Malaria in Pregnancy Denies Unborn Baby Nutrients.
Experts have decried the impact of Malaria during pregnancy noting that parasite denies the fetus nutrients and often result in low birth weight,

and It is estimated that each year over 30 million women become pregnant in Malaria areas of Africa, with most living in areas of stable malaria transmission, adding that Although the vast majority of women with malaria infections during pregnancy remain asymptomatic, infection increases the risk of maternal anemia and delivering a low-birth-weight (LBW) baby.
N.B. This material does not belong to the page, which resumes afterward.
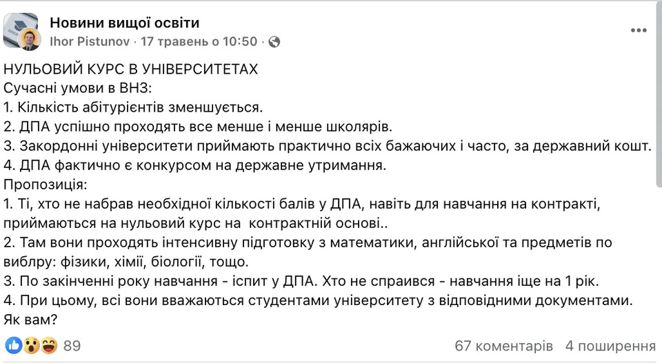 Професор Національного технічного університету «Дніпровська політехніка» Ігор Пістунов запропонував ввести в Україні нульовий курс при закладах вищої освіти. Він зауважив, що нині зменшується кількість абітурієнтів, випускний іспит складає все менше учнів, а іноземні виші приймають всіх бажаючих і навіть на бюджет.
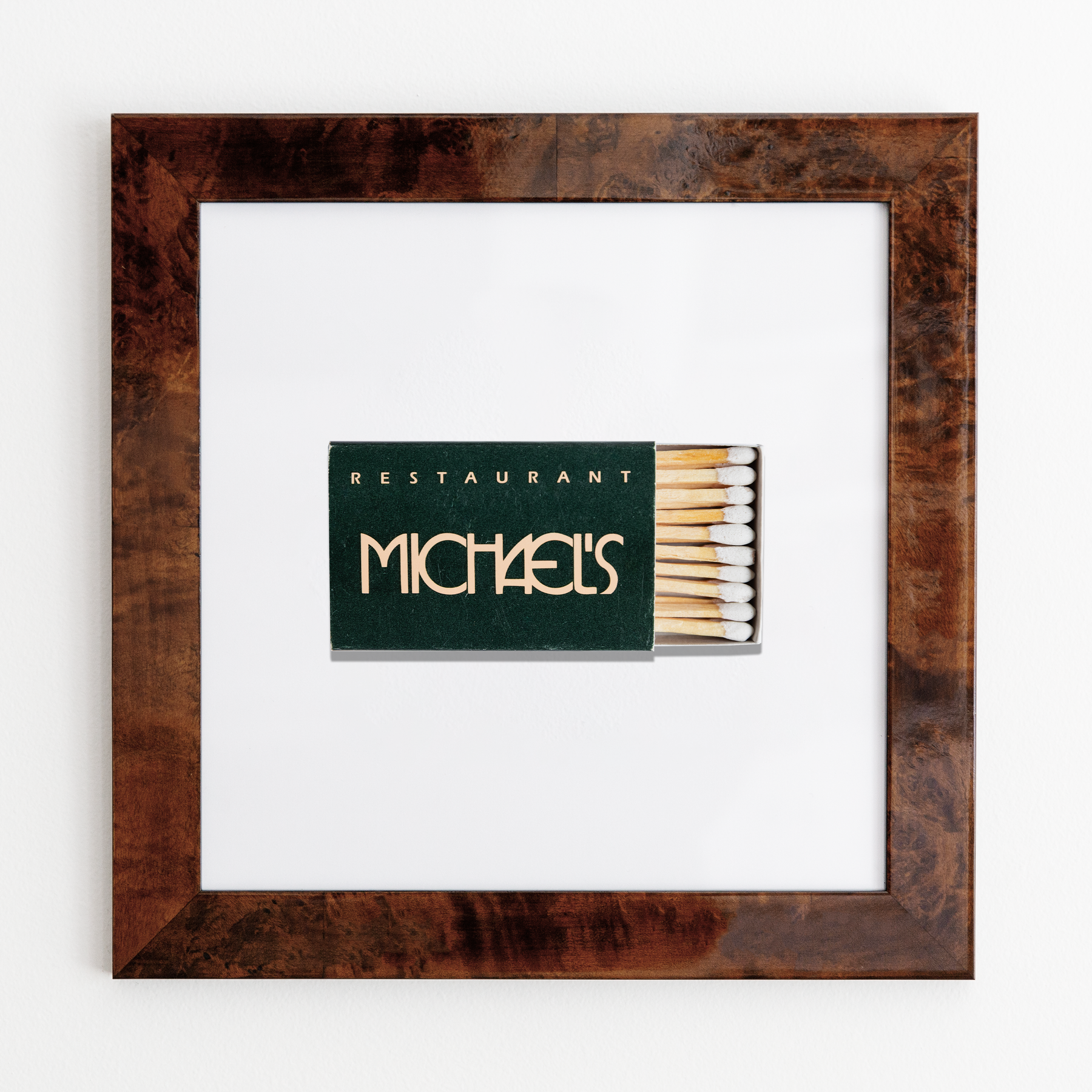 The Michael's Restaurant print showcases an iconic matchbook design.

LBW (<2,500 g) is an important risk factor for infant mortality, and this review focuses on the impact of malaria during pregnancy on LBW and subsequent infant mortality in sub-Saharan Africa. Reacting to this, Dr. Godwin Ntadom, Head of Case Management Branch, National Malaria Elimination Programme (NMEP), weekend, while explaining the dangerous effects of Malaria in pregnancy, stresses that though the condition may not show that woman is sick, it deprives nutrient from the unborn baby, saying that: “At that stage, the woman may not be sick because the parasite is at the placenta, where it is feeding on the woman’s nutrients.” The Head of Case Management Branch, NMEP, spoke on behalf of the National Coordinator, NMEP, Dr. Audu Bala Mohammed, during a consultative meeting/training on ways to improve the coverage of malaria by the media, organized by NMEP in collaboration with Health Communication Capacity Collaborative (HC3) in Lagos, adding that It is a major programme in Malaria focus in Nigeria. He further explains that most malaria infections, and the most severe morbidity and mortality, are caused by Plasmodium falciparum. Most P. falciparum infections occur in sub-Saharan Africa, and the P. falciparum parasite has been shown to be more common in pregnant than non-pregnant women and to have a substantial adverse effect on pregnancy outcome (causing both prematurity (gestation of <37 weeks) and intrauterine growth retardation (IUGR).